Gen-Weizen verschwunden

Göttlicher Beistand in Sachsen-Anhalt?

Aus gewöhnlich gut unterrichteten Kreisen hatte es geheißen, Sachsen-Anhalt sei für den Versuchs-Anbau des Gen-Weizens von Syngenta ausgesucht worden, weil dort mit allenfalls geringem Widerstand zu rechnen sei. Ende März hatten Greenpeace-AktivistInnen bereits ein von zwei Versuchsfeldern unbrauchbar machen können, indem sie per Lenkdrachen Bioweizen aussäten. Eines der Felder blieb jedoch laut Syngenta brauchbar und so wurde Anfang April unter massivem Polizeischutz der per Genmanipulation auf Insekten giftig wirkende Weizen ausgesät. Greenpeace geriet wegen der Aktion unter Beschuß und nicht zum ersten mal wurde damit gedroht, die Gemeinnützigkeit abzuerkennen.

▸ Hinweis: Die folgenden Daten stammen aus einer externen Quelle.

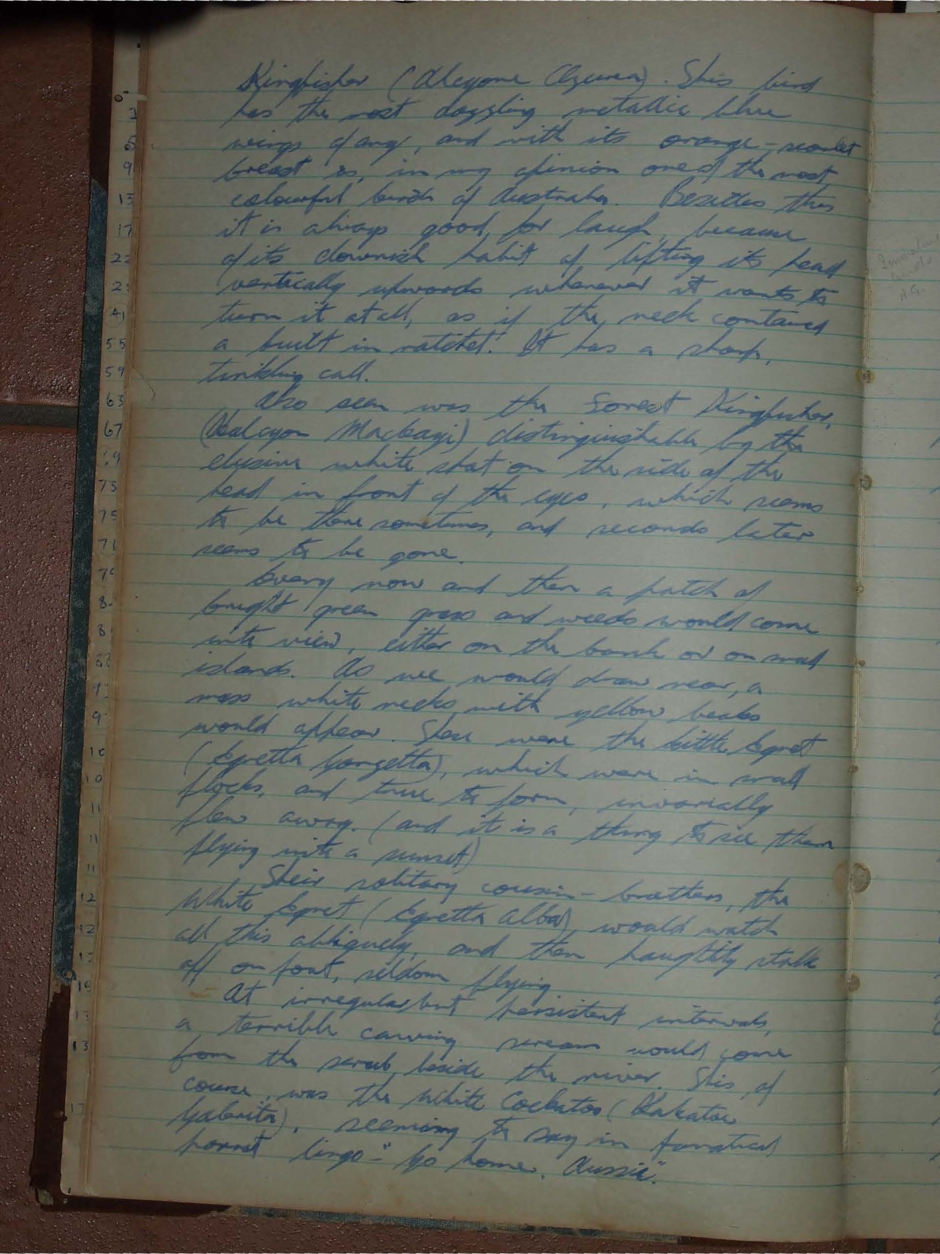 Most priceless was the Azure Kingfisher (Alcyone Azurea). This bird has the most dazzling metallic blue wings of any, and with its orange-scarlet breast is, in my opinion one of the most colourful birds of Australia. Besides this it is always good for laugh because of its clownish habit of lifting its head vertically upwards whenever it wants to turn it at all, as if the neck contained a built in ratchet. It has a sharp, tinkling call.

In der Nacht von Montag auf Dienstag verschwand nun urplötzlich sämtlicher Gen-Weizen vom übrig gebliebenen Versuchsfeld. Jesus scheint zumindest nicht verdächtig zu sein, da dieser bekanntlich beliebte, am Sabbat Weizen auszurupfen. Ob nun göttliche Schöpfung oder Folge der Evolution, vorläufig zumindest bleibt die Natur vor dem Eingriff von Syngenta und dem Wohlwollen der Landesregierung Sachsen-Anhalts bewahrt. Vielleicht bleibt das 450 Quadratmeter große Areal inmitten eines Rapsfelds, das sich im Besitz der sachsen- anhaltischen Landesanstalt für Landwirtschaft befindet, sogar auf Dauer verschont. Ein Sprecher von Syngenta kündigte inzwischen den Rückzug seiner Firma an. Ein Konzern schmollt: Es werde erörtert, ob ein weiteres Engagement in Deutschland insgesamt noch Sinn mache.

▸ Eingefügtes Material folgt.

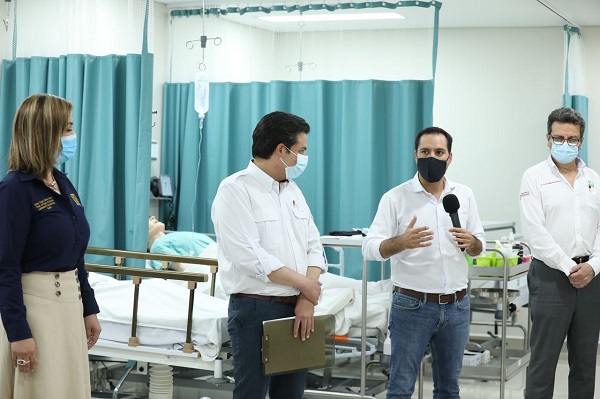 De igual manera, el Gobernador y Robledo Aburto realizaron una gira de trabajo que contempló la supervisión del hospital temporal del Centro de Convenciones Yucatán Siglo XXI y la construcción de la Unidad de Medicina Familiar en el fraccionamiento “Los Héroes”; así como la inauguración del Centro de Simulación y Excelencia Clínica Quirúrgica

Ungeachtet, ob sie sich etwa Gotteslästerung zu Schulden kommen läßt, sprach gestern Landwirtschaftsministerin Petra Wernicke (CDU) von einem "feigen Akt". Sie meinte weiter: "Wer gegen Gentechnologie ist, sollte offen diskutieren und genveränderte Produkte nicht kaufen oder anwenden." Ob dies allerdings einen Anbau genmanipulierter Pflanzen verhindern kann, der von mehr als 70 Prozent der Bevölkerung abgelehnt wird, verriet sie dabei nicht. Und so, als sei nichts geschehen, wurde im Magdeburger Wirtschaftsministerium gestern der bundesweite Start des Erprobungsanbaus von Gen-Mais bekannt gegeben - auf 29 Standorten mit insgesamt 300 Hektar. Die Initiative geht auf Sachsen-Anhalt zurück, wobei sich die Mehrzahl der Versuchsfelder allerdings in Bayern befindet. Wissenschaftlich begleitet wird das Projekt von der Hallenser Universität.

Wirtschaftsminister Horst Rehberger (FDP) wandte sich dagegen, eine Technologie zu verteufeln, ehe sie ausreichend erprobt sei: "Der jüngste Vorfall hat die Regierung bestätigt, Versuchsflächen auch künftig geheim zu halten", erklärte Ministeriumssprecher Rainer Lampe. Aber da hat die Regierung vielleicht die Rechnung ohne den lieben Gott gemacht.